The House Ethics Committee released a report today clearing Rep. Laura Richardson, D-Long Beach, of wrongdoing in her home foreclosure fiasco. But the report discloses some things that don't  make her look good. Herewith, the five most delicious disclosures:

1. Richardson called a Washington Mutual lobbyist to help stop her foreclosure.

Richardson said she reached out to Sacramento lobbyist Jan Owen because she was the one person she knew at WaMu from her time in the Legislature. Owen referred the case to the bank's “Executive Response Team,” which put a hold on the foreclosure. Connections help!

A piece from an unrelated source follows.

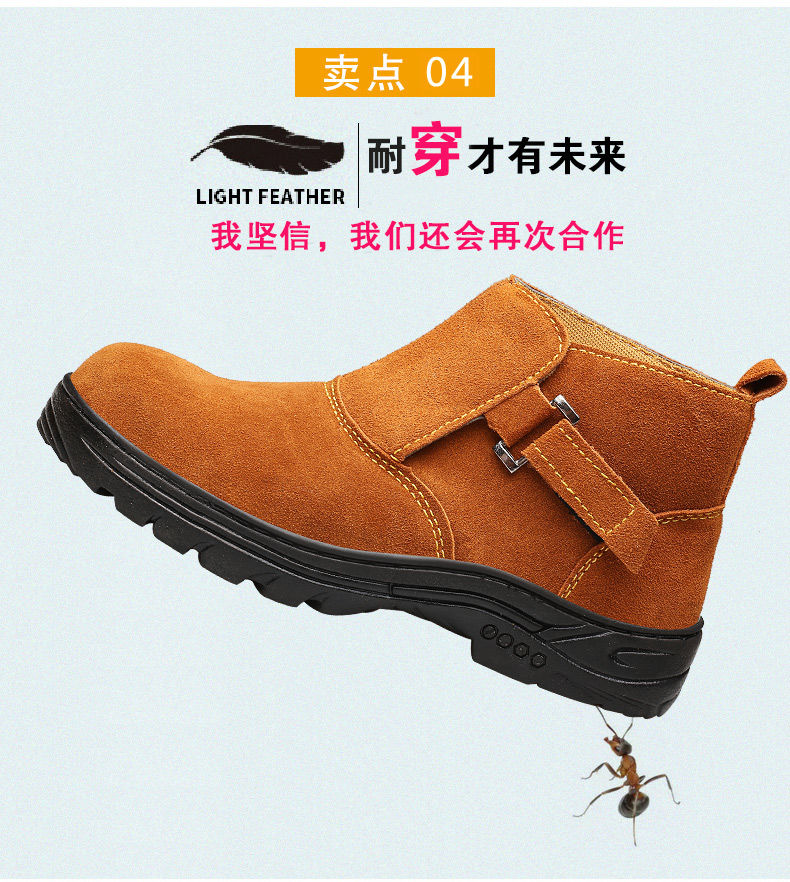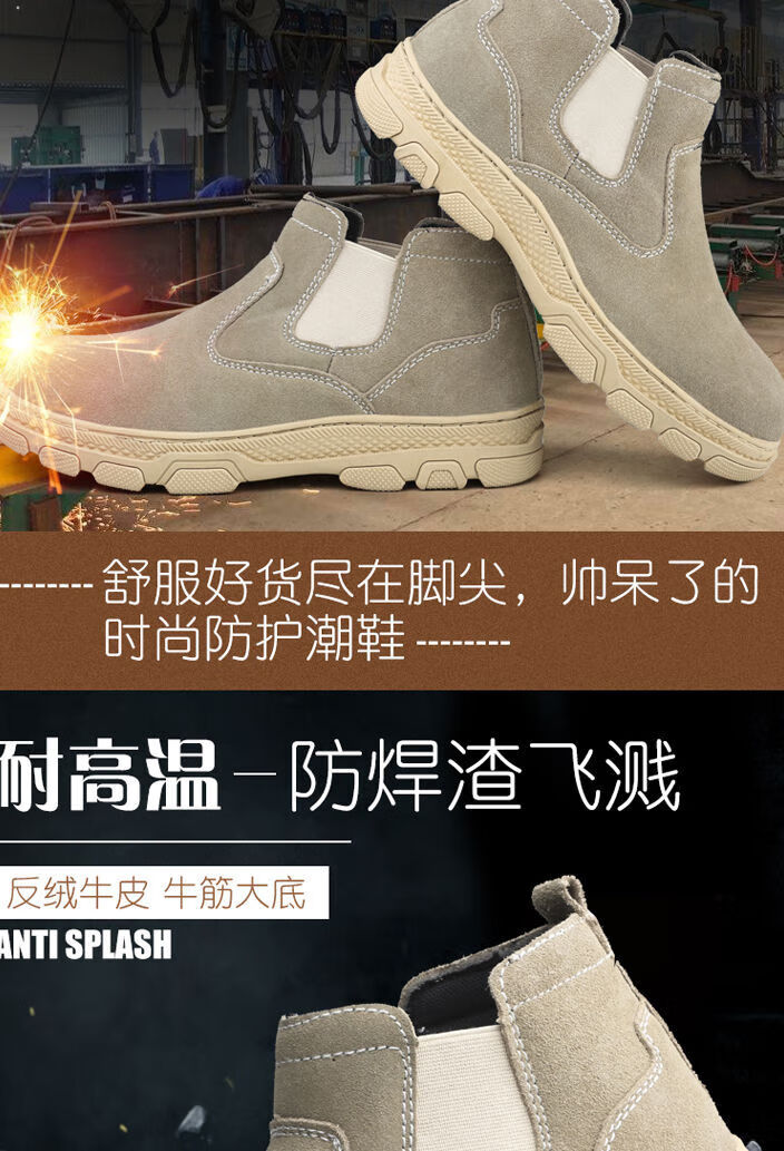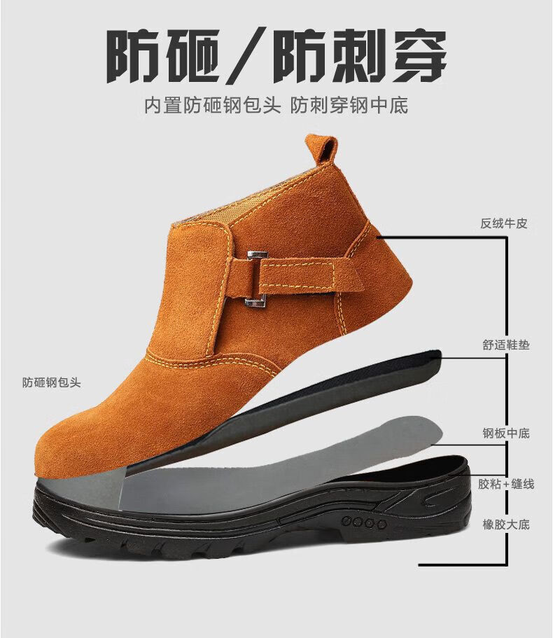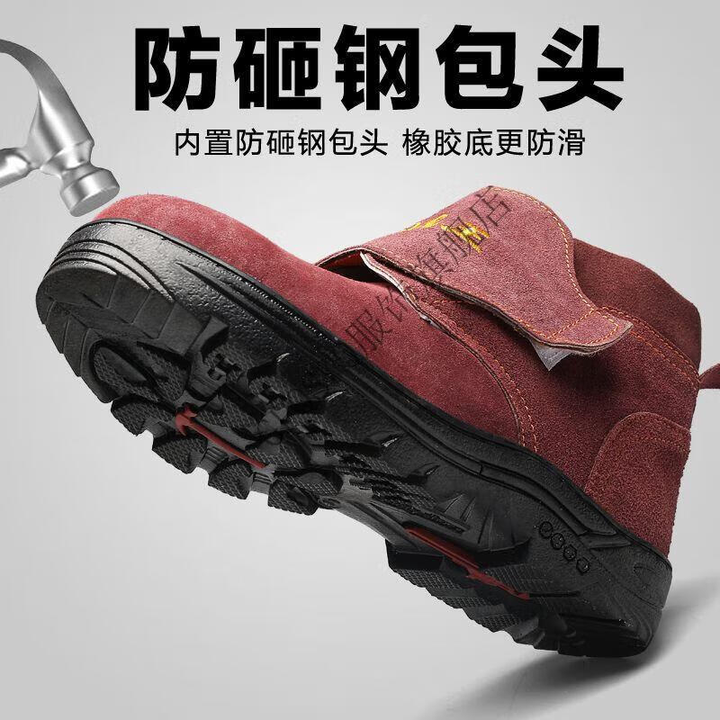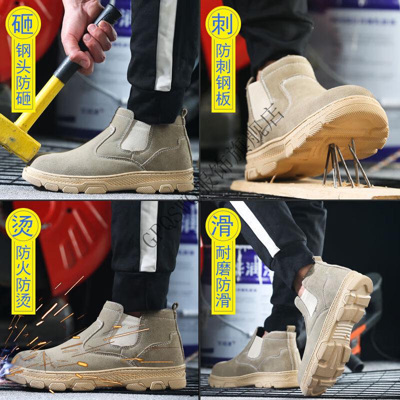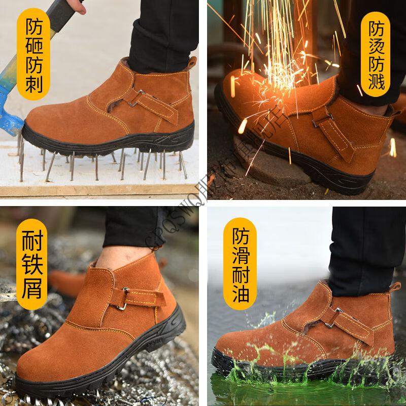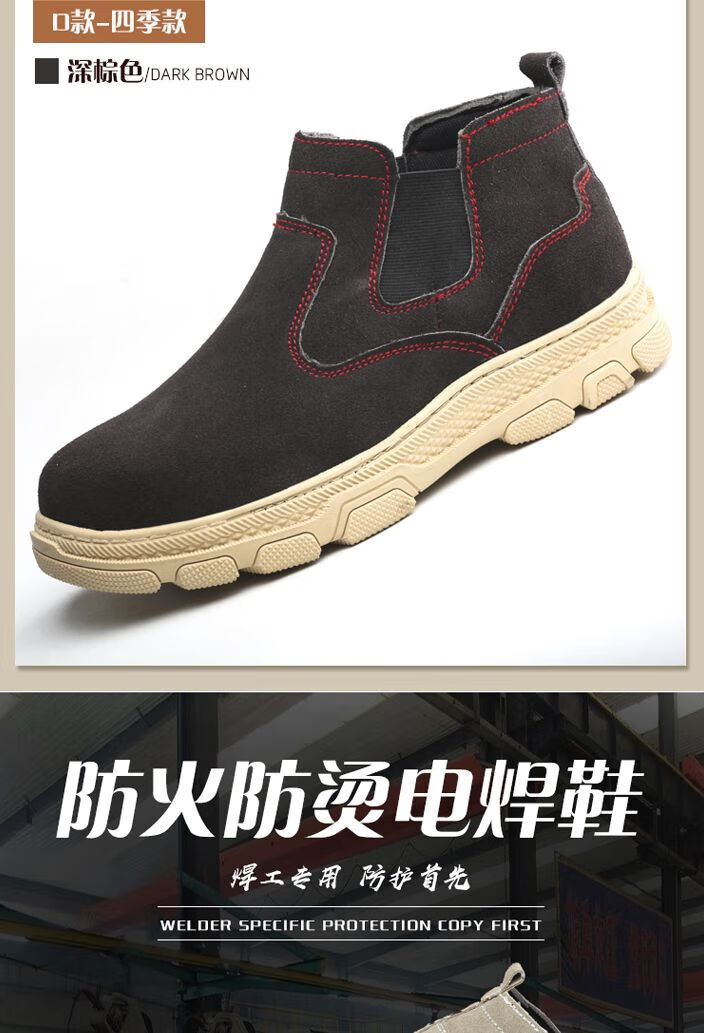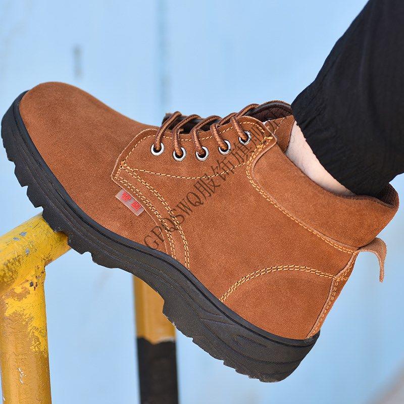 Genuine leather welder labor protection shoes for men, steel toe caps, anti-smash, anti-puncture, wear-resistant, cowhide anti-scalding safety shoes, work shoes, mid-top black brown (beef tendon bottom) 43

2. When the foreclosure happened anyway, Washington Mutual executives went into “crisis mode,” fearing that the fiasco made them look like bumblers.

As Washington Mutual scrambled to figure out what went wrong with Richardson's loan, they also spent a lot of time crafting their response to the press. That response was to stonewall. But as the situation worsened, Owen told a colleague they were on “borrowed time.” As she explained to the House investigative subcommittee, she was “concerned that Washington Mutual would be perceived in the press as a bumbling company.” A few months later the company would be bankrupt, and this would be the least of their concerns.

3. While working to fix the situation, Washington Mutual execs privately trashed Richardson.

After WaMu decided to rescind the foreclosure of Richardson's home, Alan Elias, senior VP for corporate communications, said in an e-mail to a colleague, “I really am looking forward to her almost immediately defaulting on any new plans or failing to pay to get caught up. Maybe we should throw a lawnmower into the deal to sweetem [sic] the pot?! ;)” Since modifying her loan, however, she has managed to stay current.

4. When applying for her loan, Richardson knowingly claimed to earn $12,000 a year on rent in her San Pedro property, though she did not.

The report includes persuasive evidence that Richardson's mortgage broker, Charles Thomas, committed fraud by forging rental agreements for her properties in Long Beach and San Pedro. The properties were never rented. The report concludes, based largely on Richardson's testimony, that she knew nothing about the fraud.

But there is a document, in her own handwriting, in which she claimed to earn $12,000 per year as a “rent credit.” She testified that this was rent she expected to get from her mother, but never received. The document was used to substantiate her income in order to get the loan. The Ethics Committee chose to refer Thomas to the Justice Department for a possible loan fraud prosecution, but gave Richardson a pass.

Richardson's lawyers got a letter from the DOJ earlier this year stating that Richardson will not be charged with loan fraud.

5. Richardson's credit score was not good.

Her scores from the three consumer credit rating agencies: 575, 582 and 603.